Astrological Ask

Fayes T Kantawala takes us along on a routine future check

Astrological Ask
I’ve been in the market for a new soothsayer in Lahore for a while now. When people discover my long term commitment to the occult, it’s often a shock to them. Why? I don’t know. Perhaps because the idea that the planets affect our fate is about as far out as the widespread belief that fiery cross-dimensional beings like Djinns exist and spend their time hiding your valuables in your home out of a perverse sense of fun.
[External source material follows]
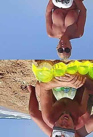 Strangers caught us masturbating on nudist beach in Maspalomas Dunes Canary with spunk flow Part two
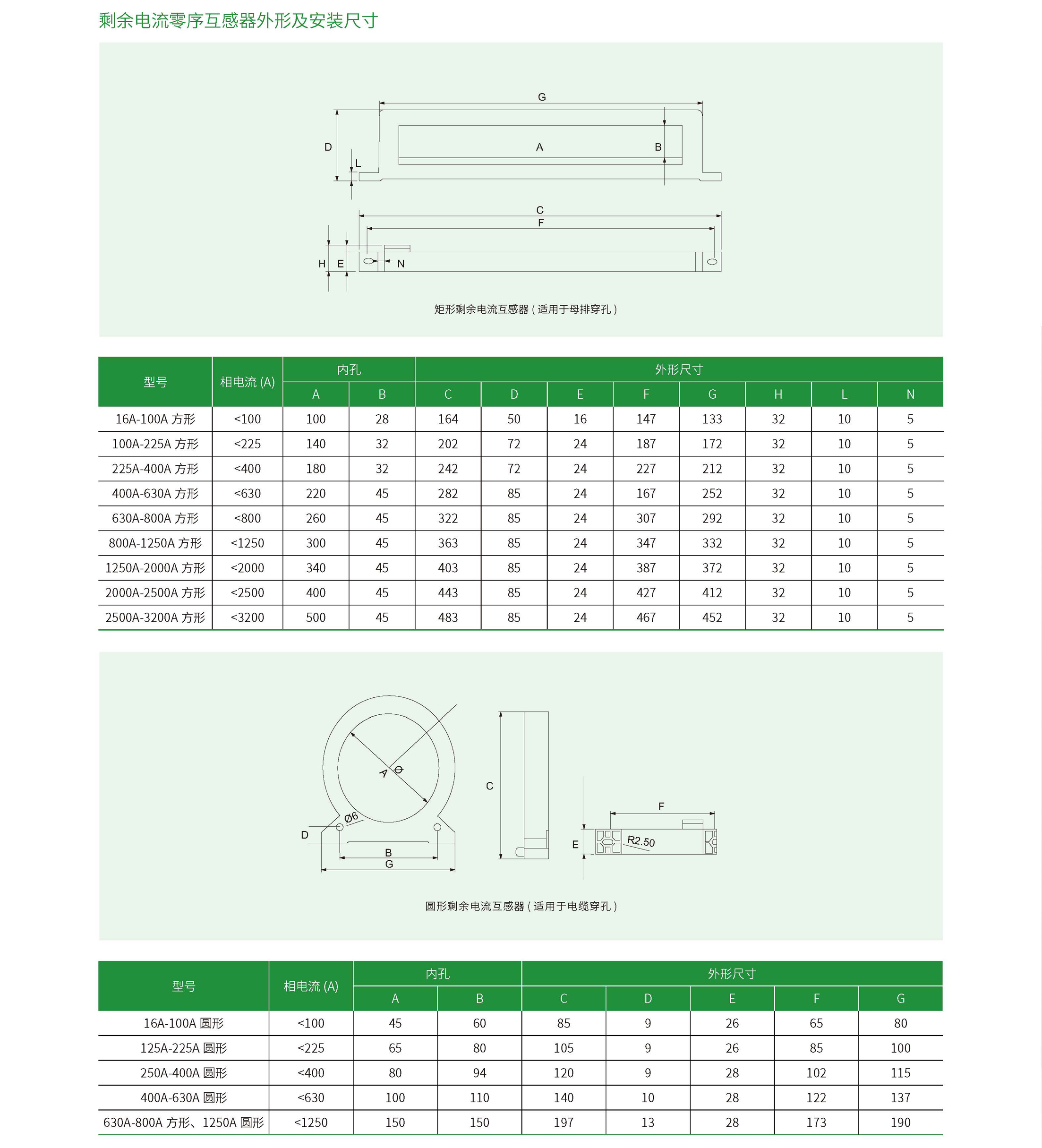 SNDHY500/800 配套系列零序互感器,专为采集零序电流信号而设计。零序电流为mA 级,且必须用于穿芯方式,对平衡特性和线性

I presume the shock because for most of the time I’m a rational, logical person and people believe rationality is incompatible with the fact that I live in mortal fear of a Mercury retrograde. But I do live in fear, and if you realized what a tool Mercury can be, you would too. The last four years have been a bit cumbersome astrologically speaking. Things have alternated between stagnant and slow, as if I’m trying to run a sprint in a swimming pool. The horoscopes tell me this is normal but the usual veiled premonitions (big changes, large decisions) are only ever evident to me in retrospect when I look back on a period of time - which seems pretty counter productive for divination. And so periodically I go forth and find some guidance from astrologers. I like the fact that they draw on at least some kind of an externalized data set - birth time, birth charts, planetary movements, star signs etc - unlike psychics who tend to just stare into space hoping they guessed the name of your cat correctly (“Trick question Shahista. I actually own a fish, you blow-dried fraud!”)
Another reason I go astrologers is because I’m desensitized to them. I’ve been to so many in so many different places that by now their prophecies have melded into one indecipherable mammoth being labeled “Possible Future”
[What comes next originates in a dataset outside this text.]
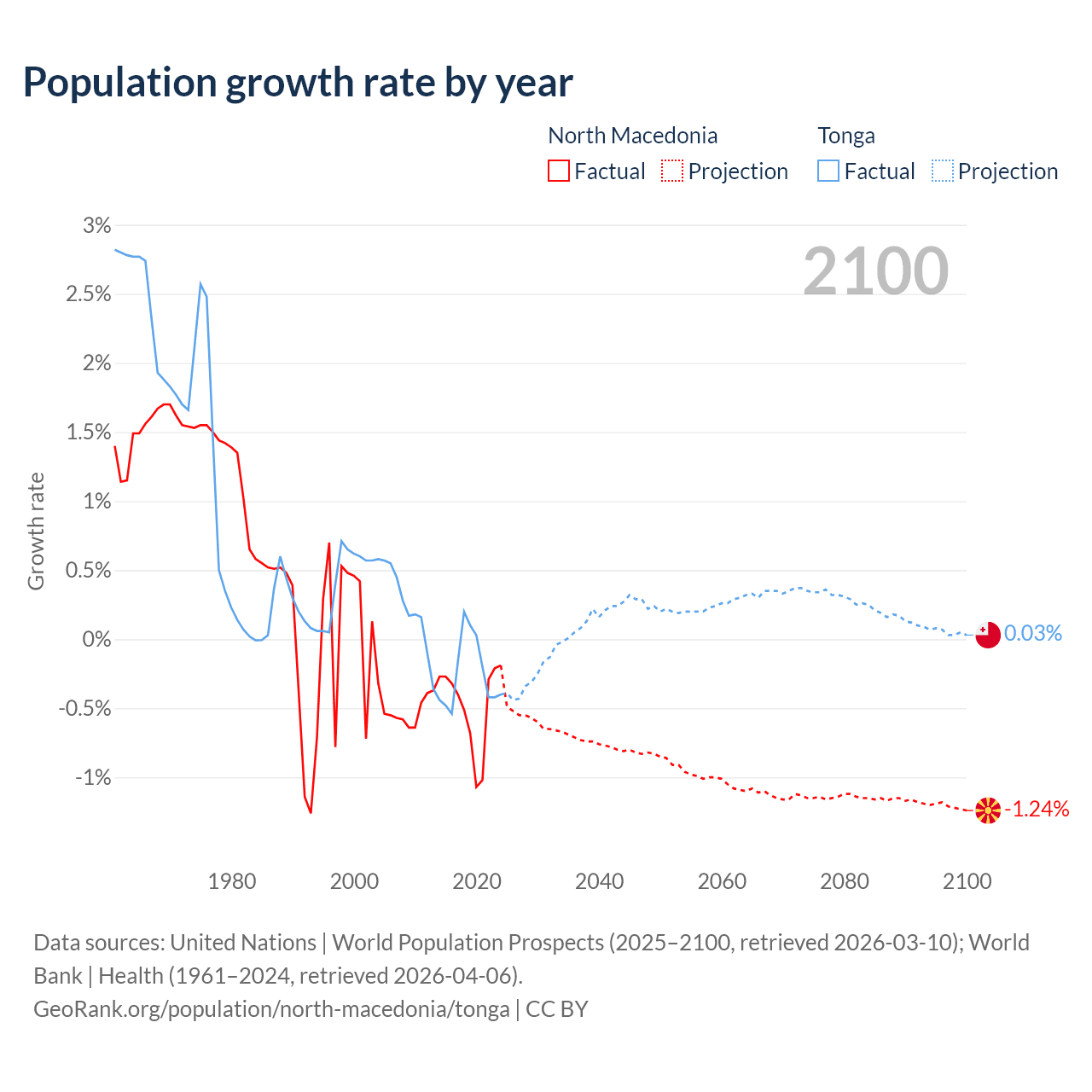 North Macedonia vs Tonga: population by year and forecast

Another reason I go astrologers is because I’m desensitized to them. I’ve been to so many in so many different places that by now their prophecies have melded into one indecipherable mammoth being labeled “Possible Future”. Things like “You’ll likely live a long life but have a propensity for cruelty” or “You’d do well in the army” or “One day you’ll become fat again and never go back” don’t necessarily affect me that much because part of me thinks I can cherry pick my futures like my astrologers. But most people aren’t like that. Most people don’t go to astrologers – and it’s not because they don’t actually believe, but because they fear they will believe too much.

I walked into a posh hotel in Lahore to have lunch the other day when I noticed a little signboard advertising readings and palmistry. My eyes lit up.

“I don’t want to go,” my lunch companion said, steering us towards the restaurant.

“But why?”

“What if he says something bad, and I end up believing it?”

“So,” I replied nonplussed, “Just go to another one afterwards.”

“It doesn’t work that way!”

“How would you know?”

This led to an exhausting metaphysical conversation about causality and the role of choice, which was a good way to spend lunch. But in the end I still insisted we go to his shop afterwards to check it out.

Shahbaz the Astrologer sits in a tiny arctic little room with space for no more than two people and one extremely effective AC unit. His room is in the shopping area of the hotel, nestled between a cigarette stall and a carpet shop. We didn’t have an appointment and I could see someone was already in session inside the room, so we stood outside awkwardly next to a girl on her phone.

Eventually the door opened and the client - a shifty looking man in his fifties who looked horrified that there was an audience to his exit - walked out quickly, followed by the astrologer. Shahbaz looks like a god-fearing Muslim; his upper lip is shaved but his beard is robust, and he has kind eyes and happy cheeks. He beckoned us both inside. When I told him the girl had been here first, he waved his hand dismissively.



“She comes everyday,” he said. “If she sits she won’t go away for a few hours. No point in you waiting.” She seemed to have expected all of this and didn’t glance up from her phone.

Inside we sat on a little bench seat opposite his chair. On the desk next to him was a laptop, notepads and tarot cards. Behind him was a bookshelf with an palmist’s model of the hand and a collection of some pretty old and rare books on everything from Astrology to dream interpretation. He obviously knows his stuff.

He starts by asking for your name, birthdate and birth time (ask your mother). A few quick calculations later he goes into a general survey of your personality, your fate, your recent past and impending future. In the middle he might ask to look at your palms, or ask you to do a quick tarot, but most of it comes from astrological birthcharts. This method of divination is a long standing part of South Asian culture, both Muslim and Hindu, and a lot of his terminology comes from Sanskrit.

He told me April 24 onwards things were due to improve in my life, but only until July. And then things look murky for another six months but that 2020 is the start to a good year. He told my friend much more: he talked about his family, future, trends, feelings, career, health, wellness and psychological development.

I felt shortchanged by comparison (he charges per person), but only until I saw my friend soaking up every word, and I wondered if I was getting too jaded for the soothsayers.

We both left there feeling better about our futures, which I suppose is the point of the exercise. At least until the next retrograde.